* Problem to solve
Could the data below be copied exactly, minus the pictures?

* Supplied material
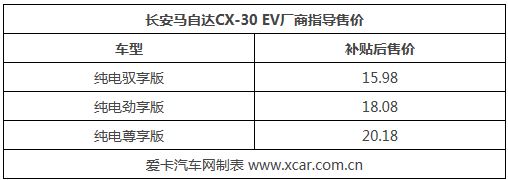 馬自達(dá)CX-30 EV上市 補(bǔ)貼后15.98萬元起
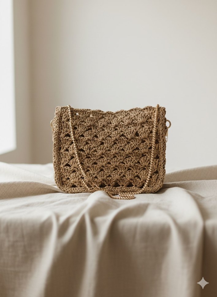 Bej renkli, dantel detaylı örgü kadın çanta, zincir askılı ve minimal bohem tarzına uygun, hafif ve desensiz tasarıma sahiptir.
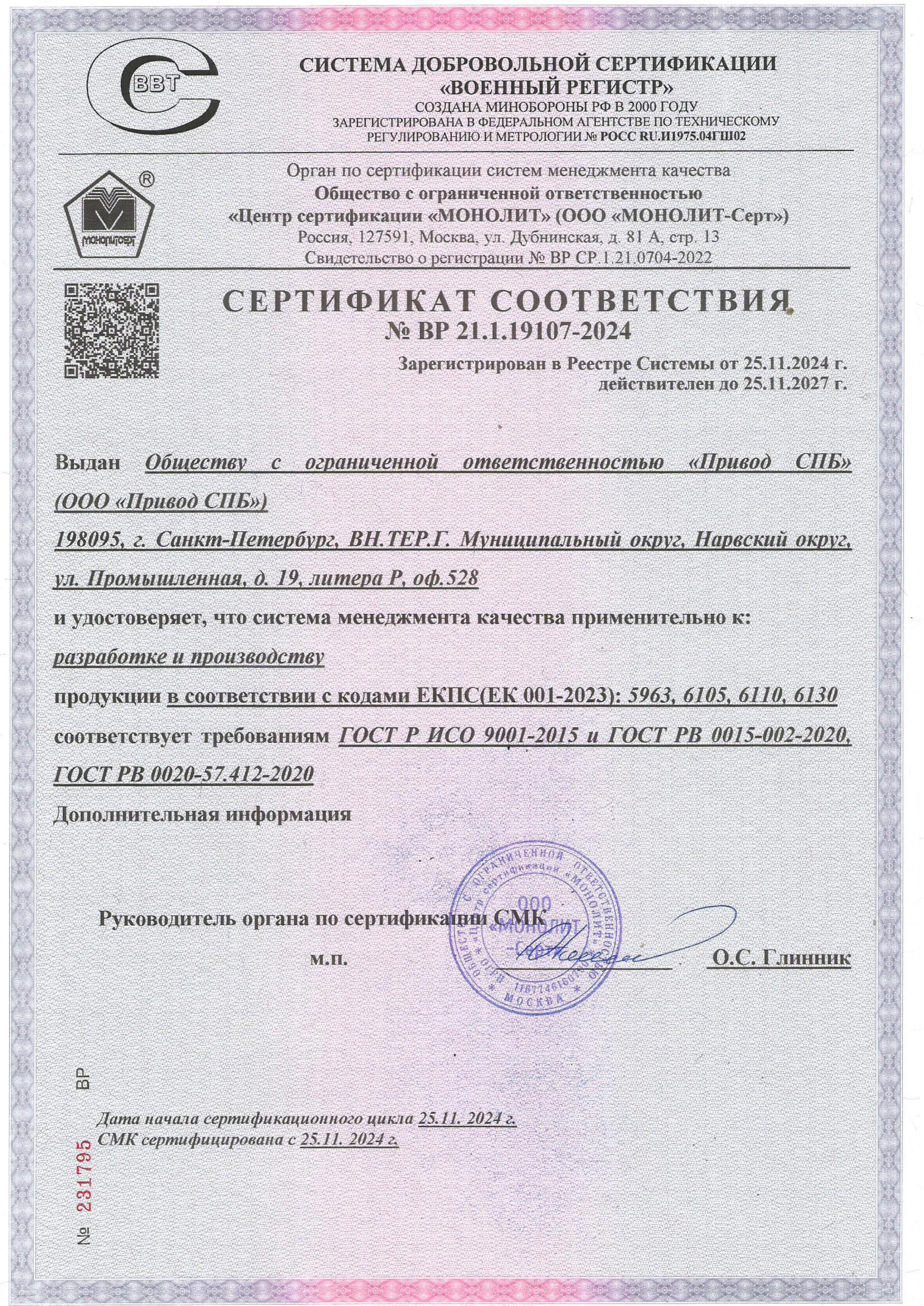 СМК соответствует «Военному регистру» — подтверждение качества процессов разработки и производства.

* Answer section
 馬自達(dá)CX-30 EV上市 補(bǔ)貼后15.98萬元起
 Bej renkli, dantel detaylı örgü kadın çanta, zincir askılı ve minimal bohem tarzına uygun, hafif ve desensiz tasarıma sahiptir.
 СМК соответствует «Военному регистру» — подтверждение качества процессов разработки и производства.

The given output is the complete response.